- Work request -
Repeat exactly the lines of the material below that run from the "Begge krus er" line to the "국회 여성가족위원회 소속" line, including both, and do not carry over any pictures.
#### Input material ####
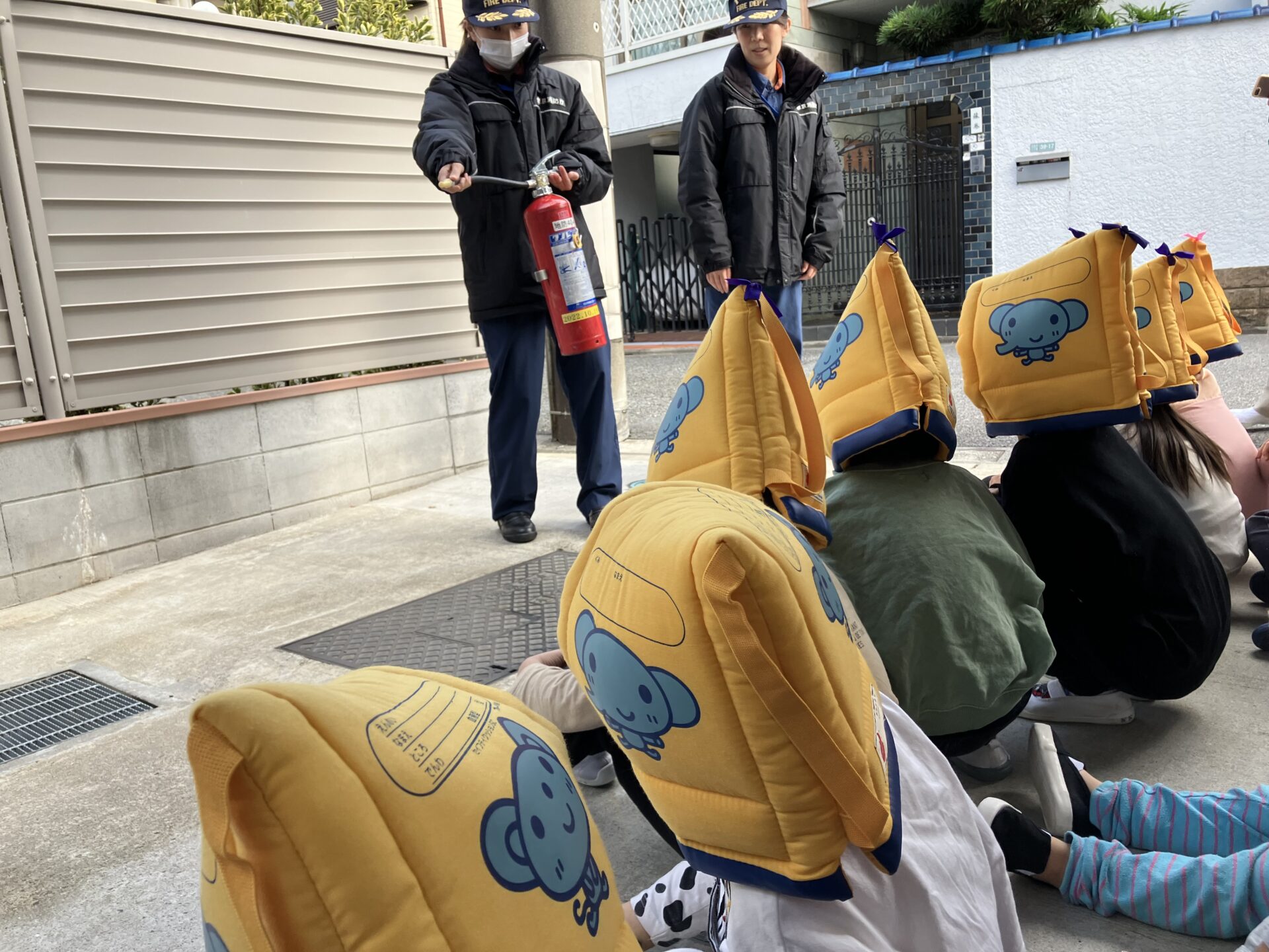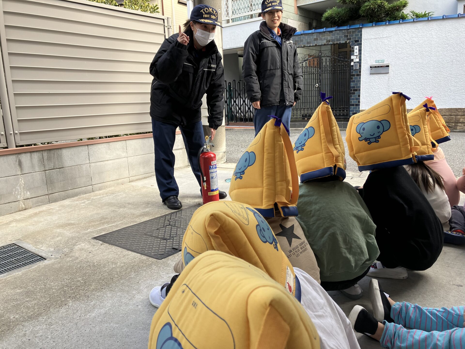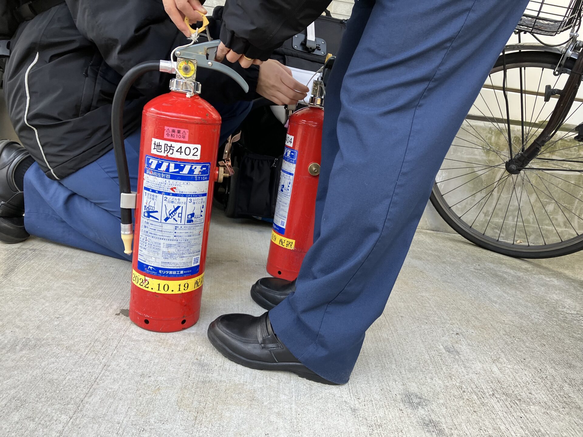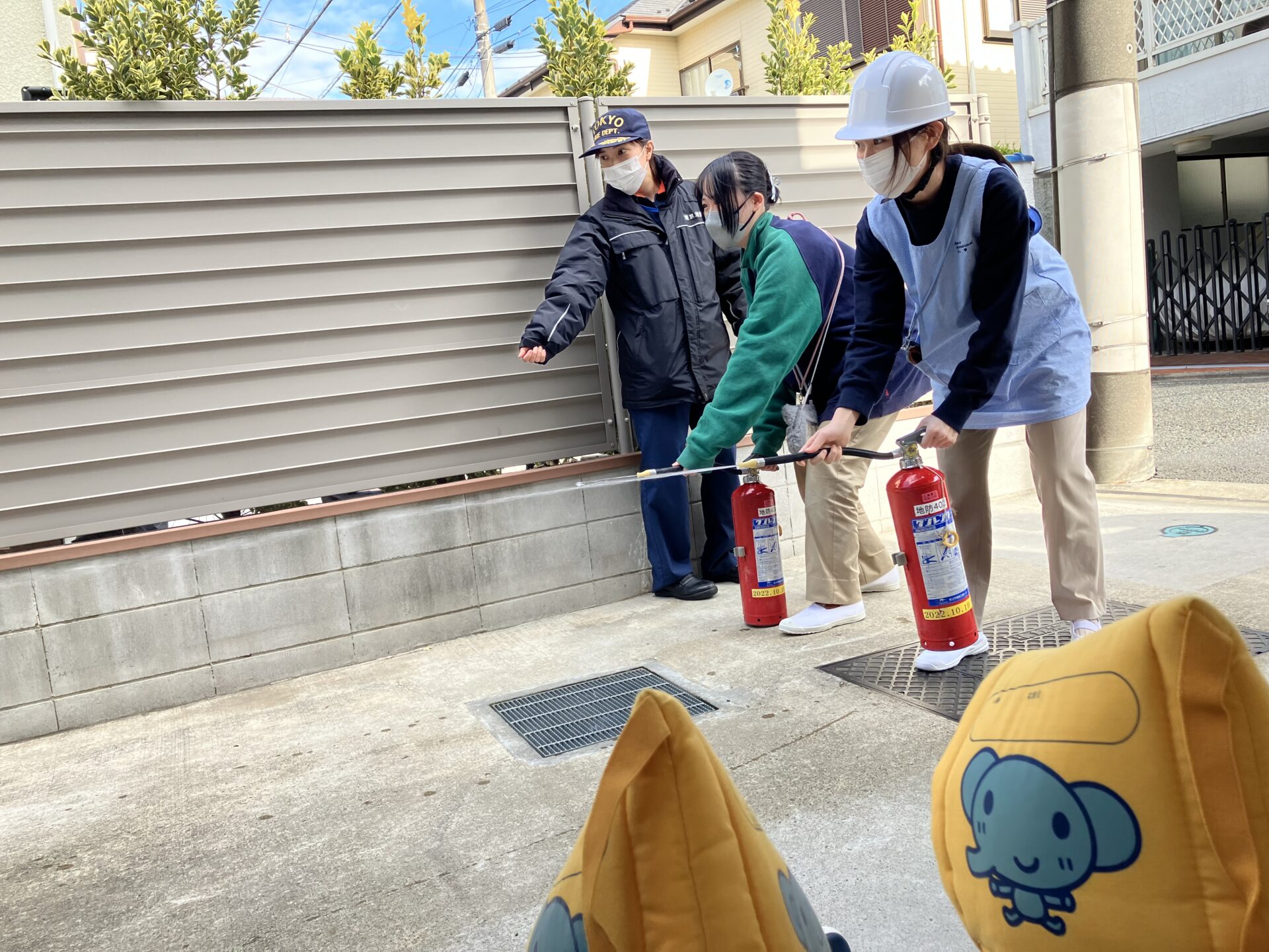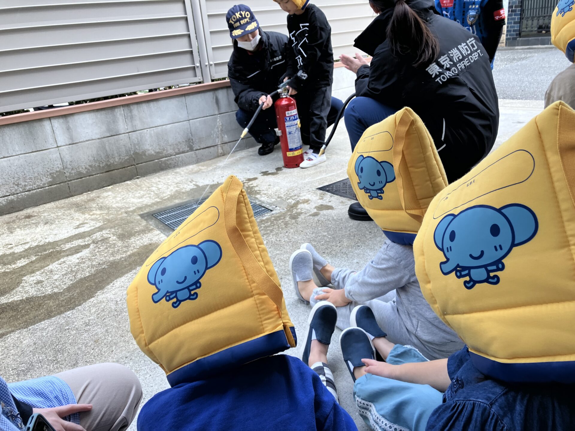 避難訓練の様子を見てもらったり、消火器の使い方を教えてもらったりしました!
####
#### Input material ####
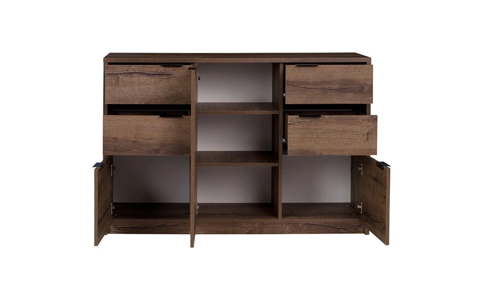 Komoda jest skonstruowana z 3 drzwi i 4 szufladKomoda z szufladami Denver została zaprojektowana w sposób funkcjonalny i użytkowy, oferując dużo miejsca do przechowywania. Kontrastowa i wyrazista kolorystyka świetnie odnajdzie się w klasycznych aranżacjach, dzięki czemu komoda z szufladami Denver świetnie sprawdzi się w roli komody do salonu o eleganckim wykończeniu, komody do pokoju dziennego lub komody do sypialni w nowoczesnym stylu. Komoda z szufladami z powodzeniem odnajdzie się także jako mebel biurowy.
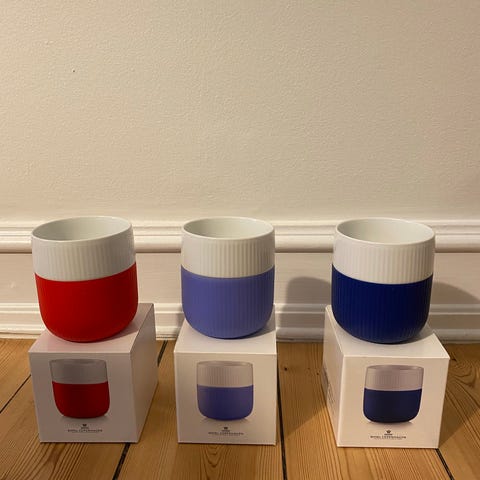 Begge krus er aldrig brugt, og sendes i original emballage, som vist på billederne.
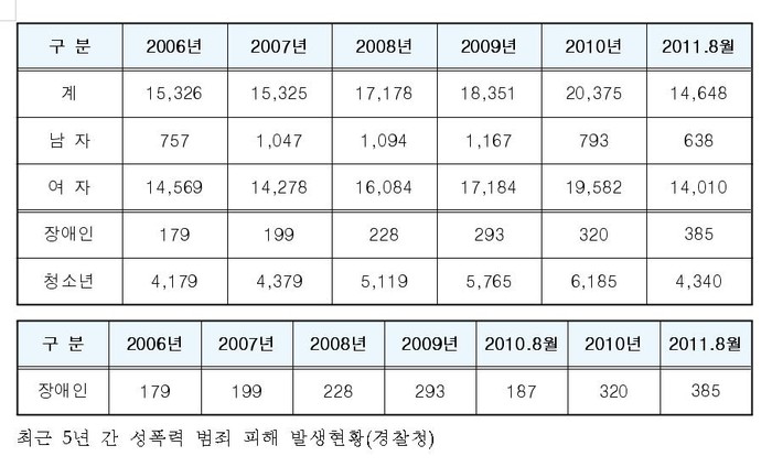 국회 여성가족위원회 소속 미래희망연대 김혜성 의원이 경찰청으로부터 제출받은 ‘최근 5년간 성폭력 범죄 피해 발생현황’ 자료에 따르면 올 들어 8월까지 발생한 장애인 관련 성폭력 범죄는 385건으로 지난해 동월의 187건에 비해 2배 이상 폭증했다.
####
- Answer below -
 Begge krus er aldrig brugt, og sendes i original emballage, som vist på billederne.
 국회 여성가족위원회 소속 미래희망연대 김혜성 의원이 경찰청으로부터 제출받은 ‘최근 5년간 성폭력 범죄 피해 발생현황’ 자료에 따르면 올 들어 8월까지 발생한 장애인 관련 성폭력 범죄는 385건으로 지난해 동월의 187건에 비해 2배 이상 폭증했다.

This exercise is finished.